College of Computer and Information Engineering (College of Artificial Intelligence), Nanjing Tech University, Nanjing, China.
Ocean College, Zhejiang University, Zhoushan, China.
J Phycol. 2023 Dec;59(6):1166-1178. doi: 10.1111/jpy.13390. Epub 2023 Nov 23.
Diatoms are a crucial component in the study of aquatic ecosystems and ancient environmental records. However, traditional methods for identifying diatoms, such as morphological taxonomy and molecular detection, are costly, are time consuming, and have limitations. To address these issues, we developed an extensive collection of diatom images, consisting of 7983 images from 160 genera and 1042 species, which we expanded to 49,843 through preprocessing, segmentation, and data augmentation. Our study compared the performance of different algorithms, including backbones, batch sizes, dynamic data augmentation, and static data augmentation on experimental results. We determined that the ResNet152 network outperformed other networks, producing the most accurate results with top-1 and top-5 accuracies of 85.97% and 95.26%, respectively, in identifying 1042 diatom species. Additionally, we propose a method that combines model prediction and cosine similarity to enhance the model's performance in low-probability predictions, achieving an 86.07% accuracy rate in diatom identification. Our research contributes significantly to the recognition and classification of diatom images and has potential applications in water quality assessment, ecological monitoring, and detecting changes in aquatic biodiversity.

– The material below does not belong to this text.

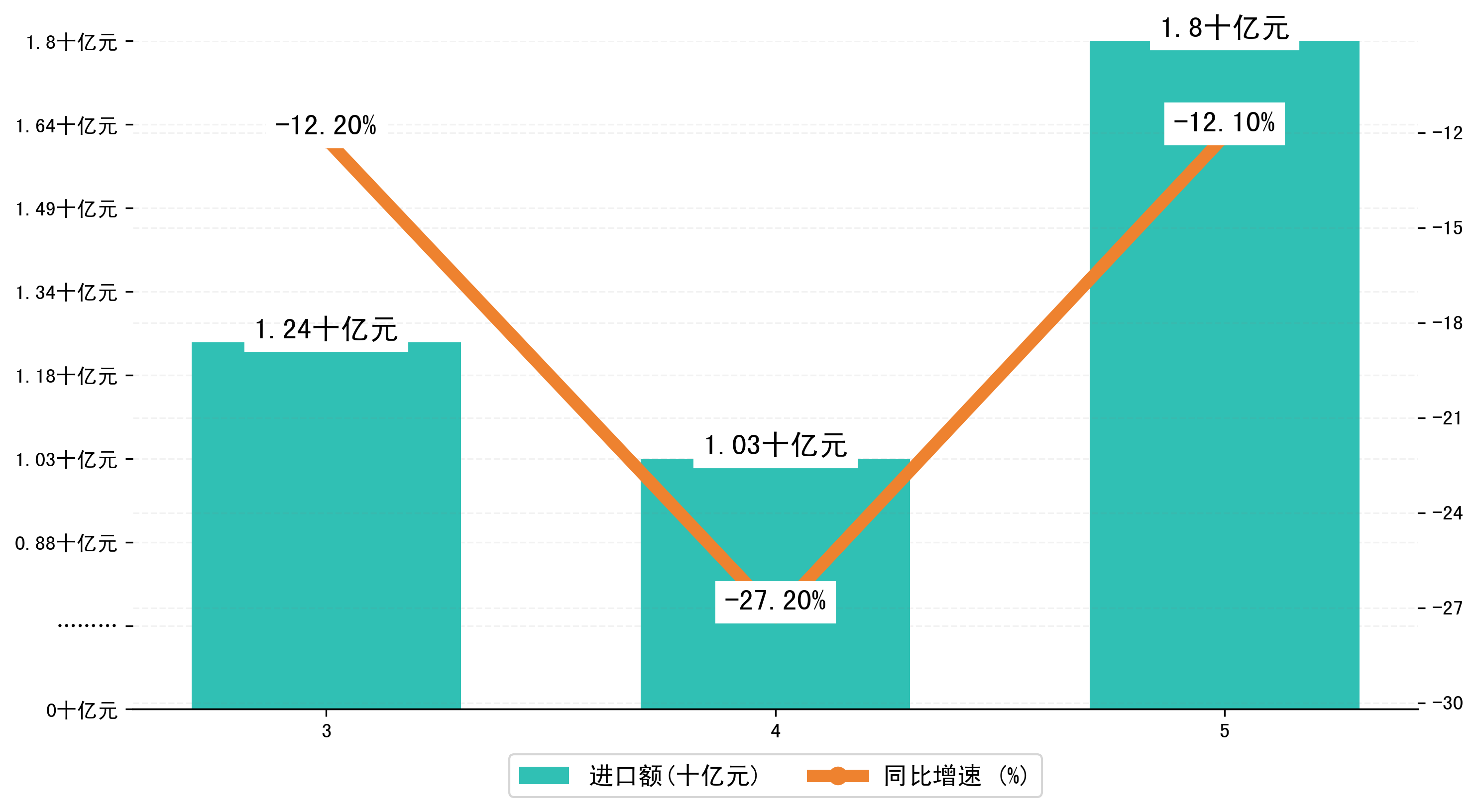 以人民币计,2025年5月北海市进口额为17,9779.1957万元,相比上月增加了7,6780.2295万元;相比上年同期增加了7,7637.2682万元,同比减少了-12.10%。

硅藻是水生生态系统和古代环境记录研究的重要组成部分。然而,传统的硅藻鉴定方法,如形态分类学和分子检测,既昂贵又耗时,并且存在局限性。为了解决这些问题,我们开发了一个广泛的硅藻图像集合,其中包含 160 属和 1042 种的 7983 张图像,通过预处理、分割和数据增强,我们将其扩展到 49843 张。我们的研究比较了不同算法的性能,包括骨干网、批量大小、动态数据增强和静态数据增强在实验结果上的表现。我们确定 ResNet152 网络的表现优于其他网络,在识别 1042 种硅藻物种方面,其最高-1 和最高-5 准确率分别达到 85.97%和 95.26%。此外,我们提出了一种结合模型预测和余弦相似度的方法,以提高模型在低概率预测中的性能,在硅藻识别方面的准确率达到 86.07%。我们的研究对硅藻图像的识别和分类有重要贡献,并在水质评估、生态监测和检测水生生物多样性变化方面具有潜在的应用。